Exercise description :: Word-for-word reproduction, images excluded: copy every entry below.
___ Records provided
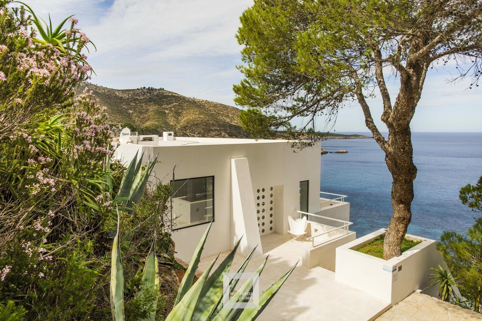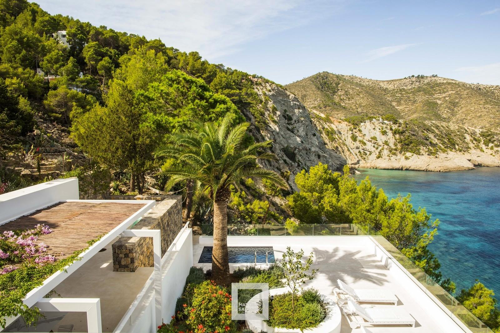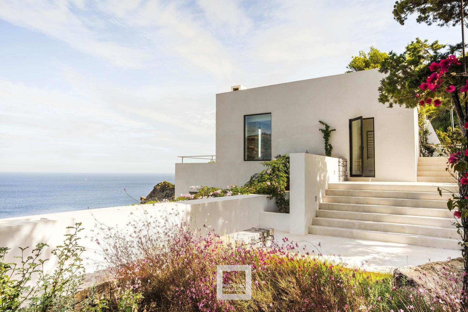 Простые белые объёмы формируют композицию многоуровневой постройки, спускающейся ступенями по крутому берегу к морю. Несколько террас, на которых расположились небольшой бассейн, сад и обеденный стол, открывают широкий вид на великолепный пейзаж острова.
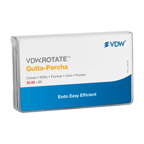 Punte di Guttaperca adatte al sistema VDW ROTATE NiTi. • Dimensioni adatte per canali che sono stati preparati con strumenti VDW ROTATE NiTi • Adatto a tutte le tecniche di otturazione a caldo e a freddo • Prodotte utilizzando il processo di stampaggio a iniezione
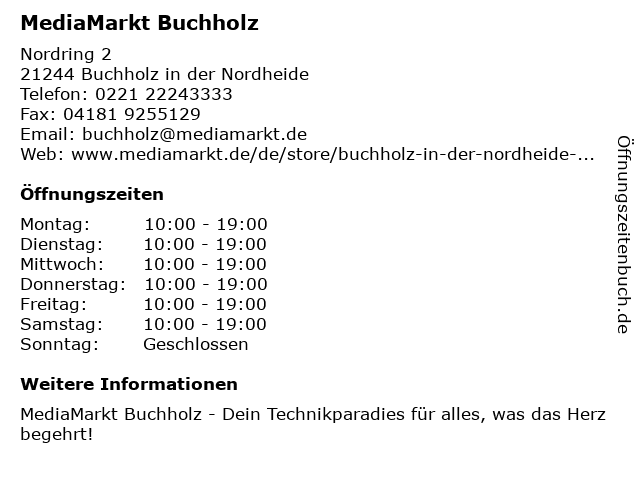 Branchen & Suchbegriffe zu MediaMarkt Buchholz:anbieter für telekommunikationsgeräte, buchholz, computergeschäft, geschäft für handyzubehör, geschäft für heimaudiosysteme, geschäft für videospiele, handyreparaturgeschäft, haushaltsgeräte, mediamarkt, mobiltelefongeschäft |
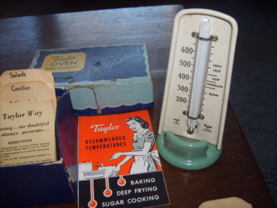 VIN TAYLOR OVEN THERMOMETER W/RECIPE BOX & PAPERWORK
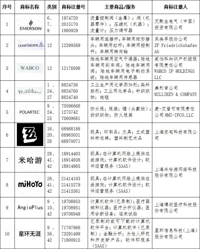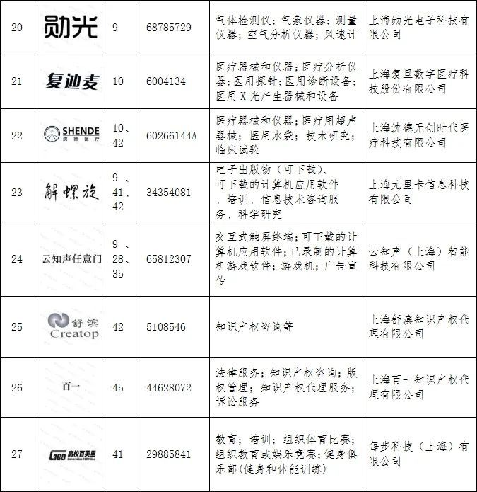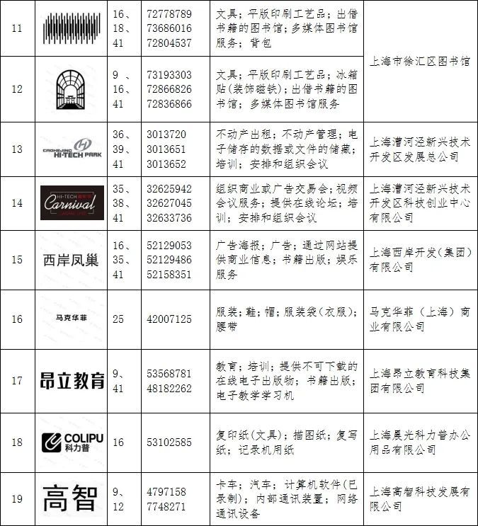 第四批徐汇区重点商标保护名录
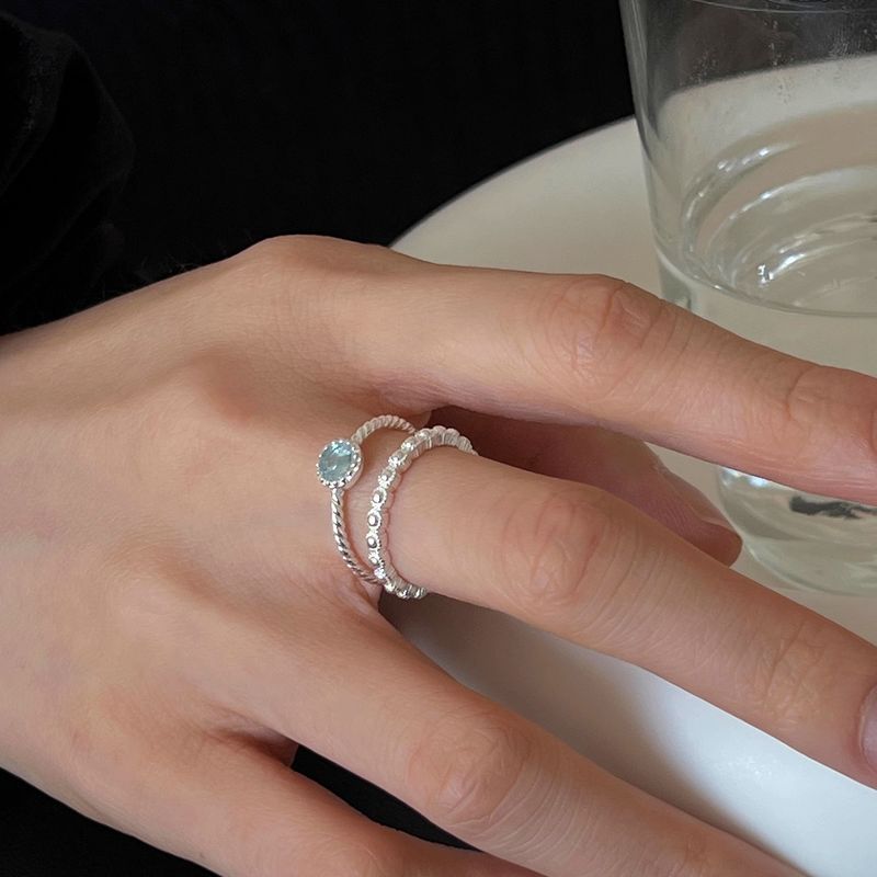 Blue Plain Circle Fine Braided Open Adjustable Ring Niche Design Sense Index Finger Ring Simple Commuting Versatile Ring
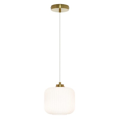 7.25" Nellie Retro Globe Shade Pendant Light White - River of Goods: Brushed Gold-Finish, Adjustable Height, UL Listed
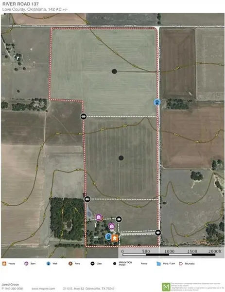 WATER: One pond, a residential water well at house, and an irrigation well that serves two center pivot irrigation units.
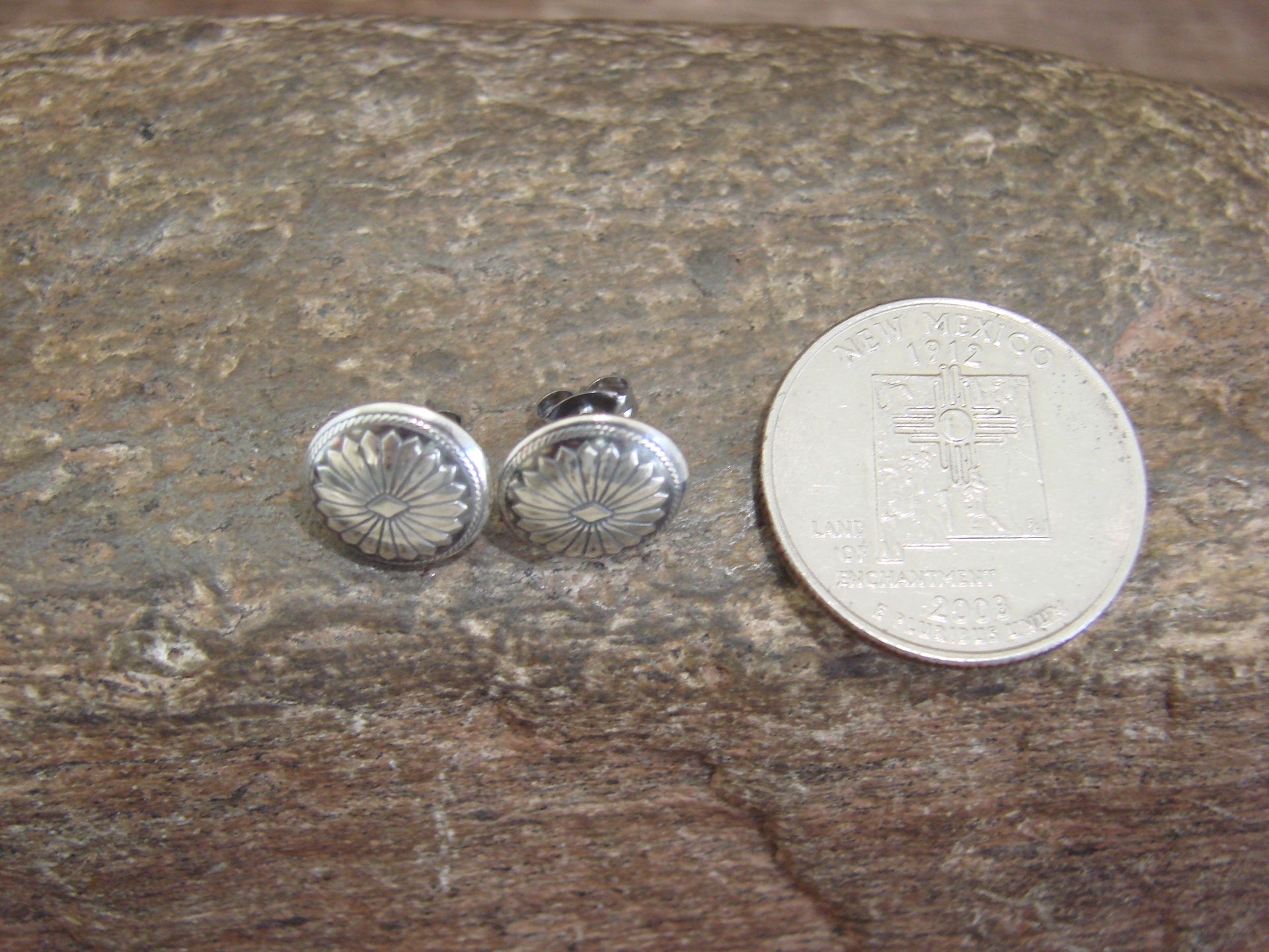 Native American Navajo Indian Sterling Silver Hand Stamped Concho Post Earrings from Western New Mexico. These small earrings feature beautiful traditional Navajo style Silverwork throughout stunning Sterling Silver Conchos. These are post style earrings with the post set in the middle of the earring. Handmade by well known Navajo Silversmith Yazzie. Unsigned. Free Shipping with a gift box included!
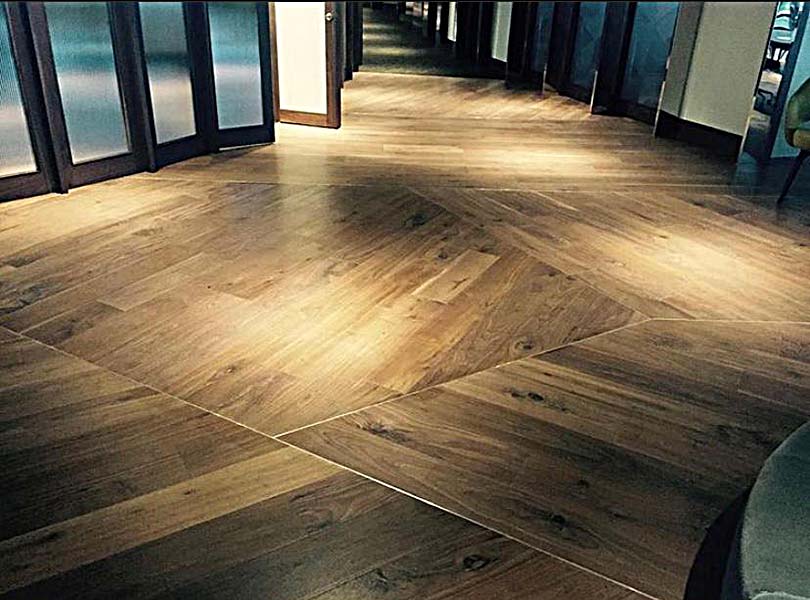Our Engineered Oak Floor featured an intricate and unique design, planks in opposing directions with aluminium feature strips.
______
Your solution ::
 Простые белые объёмы формируют композицию многоуровневой постройки, спускающейся ступенями по крутому берегу к морю. Несколько террас, на которых расположились небольшой бассейн, сад и обеденный стол, открывают широкий вид на великолепный пейзаж острова.
 Punte di Guttaperca adatte al sistema VDW ROTATE NiTi. • Dimensioni adatte per canali che sono stati preparati con strumenti VDW ROTATE NiTi • Adatto a tutte le tecniche di otturazione a caldo e a freddo • Prodotte utilizzando il processo di stampaggio a iniezione
 Branchen & Suchbegriffe zu MediaMarkt Buchholz:anbieter für telekommunikationsgeräte, buchholz, computergeschäft, geschäft für handyzubehör, geschäft für heimaudiosysteme, geschäft für videospiele, handyreparaturgeschäft, haushaltsgeräte, mediamarkt, mobiltelefongeschäft |
 VIN TAYLOR OVEN THERMOMETER W/RECIPE BOX & PAPERWORK
 第四批徐汇区重点商标保护名录
 Blue Plain Circle Fine Braided Open Adjustable Ring Niche Design Sense Index Finger Ring Simple Commuting Versatile Ring
 7.25" Nellie Retro Globe Shade Pendant Light White - River of Goods: Brushed Gold-Finish, Adjustable Height, UL Listed
 WATER: One pond, a residential water well at house, and an irrigation well that serves two center pivot irrigation units.
 Native American Navajo Indian Sterling Silver Hand Stamped Concho Post Earrings from Western New Mexico. These small earrings feature beautiful traditional Navajo style Silverwork throughout stunning Sterling Silver Conchos. These are post style earrings with the post set in the middle of the earring. Handmade by well known Navajo Silversmith Yazzie. Unsigned. Free Shipping with a gift box included!
Our Engineered Oak Floor featured an intricate and unique design, planks in opposing directions with aluminium feature strips.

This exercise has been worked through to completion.